Les cotations du marché boursier français ont augmenté de 34 % entre janvier 2016 et janvier 2020, malgré les incertitudes suscitées par le Brexit et les tensions commerciales internationales. Les investisseurs et les dirigeants des sociétés cotées ont donc été d’autant plus surpris par les annonces officielles de la pandémie le 21 février 2021 puis du premier confinement le 17 mars 2021. Ils ont été encore plus désorientés par l’annonce suivante du Ministre de l’économie datée du 27 mars : « Toutes les entreprises qui auraient bénéficié de reports de charges sociales ou fiscales et qui auraient versé des dividendes se verront obligées de rembourser cette avance de trésorerie sur les charges sociales et fiscales avec une pénalité d’intérêt »… « Par ailleurs, en ce qui concerne les entreprises qui ont recours au chômage partiel, le gouvernement demande la plus grande modération quant au versement des dividendes ». Ce message a été relayé par plusieurs institutions comme la Banque Centrale européenne et le Medef.

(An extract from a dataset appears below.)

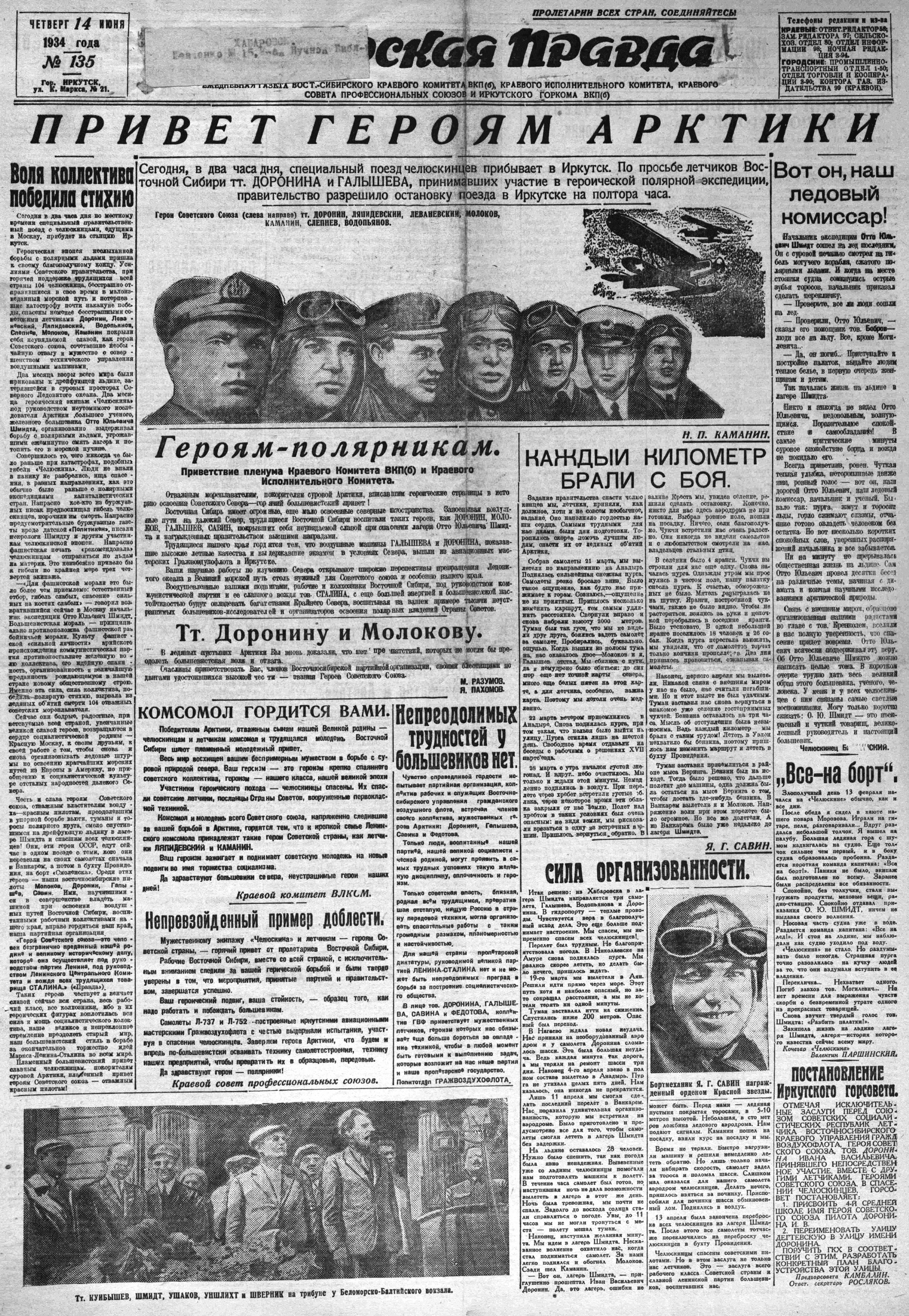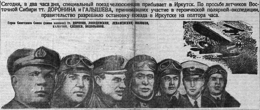Сегодня, в два часа дня, специальный поезд челюскинца прибывает в Иркутск. По просьбе летчиков Восточной Сибири тт. ДОРОНИНА и ГАЛЫШЕВА, принимавших участие в героической полярной экспедиции, правительство разрешило остановку поезда в Иркутске на полтора часа.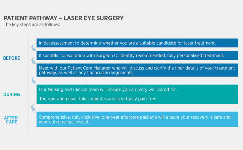 To find out if you are a candidate for laser surgery we invite you to undertake a suitability evaluation with one of our highly-experienced Optometrists. They will perform a series of of screening tests to determine if you are a candidate. One of our Patient Care Team members will arrange for you to meet one of our Consultant Surgeons. The Surgeon will examine your examine your eyes in detail and will recommend what is the best and most personalised treatment for you.

Pour la première fois dans l’histoire boursière française, les conseils d’administration des sociétés cotées ont été invités par le gouvernement à choisir entre l’économie de marché et l’économie solidaire. Ils ont été confrontés à un dilemme : maintenir le dividende prévu avant l’annonce de la crise, réduire son montant ou l’annuler. Dans le premier cas, ils rémunèrent les actionnaires mais ils renoncent aux aides publiques et risquent de ternir leurs images d’entreprises citoyennes. Dans le troisième cas, ils risquent d’entraîner une dévalorisation de de l’entreprise dans la mesure où le capital n’est plus rémunéré. L’option intermédiaire semble être un bon compromis entre trois objectifs : continuer à servir l’actionnaire, ne pas renoncer aux aides publiques et préserver la trésorerie de l’entreprise. Dans les trois cas, les gouvernances des entreprises françaises n’ont pu adresser de signal clair au marché. Selon la théorie du signalling conçue par Akerlof et Ross, le sens et l’amplitude de la variation du montant du dividende d’un exercice à l’autre constituent en effet une promesse ou une alerte sur les perspectives de rentabilité de l’entreprise. L’injonction du 27 mars a donc brouillé le contenu informationnel du dividende. Son maintien assorti d’un abandon des aides publiques sont interprétables comme étant un signe de la bonne santé de l’entreprise ou une marque d’imprudence de la part de sa direction. La réduction ou l’annulation du dividende peut être perçue comme une mesure de prudence face à des perspectives incertaines ou comme la simple conformité à une mesure régalienne. Cette dernière a été jugée plutôt équitable par l’opinion publique dans la mesure où elle a contribué à faire peser le coût de la pandémie à la fois sur les salariés et les actionnaires, mais elle a été le plus souvent interprétée par les milieux industriels et financiers comme étant un excès d’interventionnisme de l’État sans équivalent dans les autres pays.

L’indice du SBF 120, qui regroupe les sociétés du CAC 40 et 80 sociétés des compartiments A et B d’Euronext, a chuté de 28 % entre le 21 février (date de la première annonce officielle de la pandémie) et le 27 mars 2020 (date de l’annonce du Ministre de l’économie) pour reprendre 16 % entre le 27 mars et le 4 juin. Ces variations montrent que la baisse consécutive à l’annonce de la pandémie a pu être partiellement compensée par l’effet de celle du 27 mars, et que l’intervention de l’État a été plutôt bien accueillie par le marché. Sur les 120 sociétés cotées du SBF 120, la plupart (54) ont annulé leurs dividendes, 18 les ont maintenus, 34 les ont abaissés et 14 les ont reportés ou ont retiré leurs titres de la cote. Dans les semaines qui ont suivi l’annonce du 27 mars, les annulations de dividendes ont entraîné, dans la plupart des cas, des variations de cours (à la baisse ou à la hausse) plus défavorables que les maintiens ou les réductions de dividendes. En revanche, ces derniers n’ont pas ou peu pesé sur les cours boursiers. Il apparaît donc que la recommandation de l’État en faveur d’une gouvernance plus partenariale des entreprises ait dans l’ensemble porté ses fruits. Elle n’en a pas moins constitué un précédent inquiétant dans la mesure où elle a introduit une forme de néo-keynésianisme dans la finance de marché et où elle a remis en cause un de ses paradigmes fondateurs.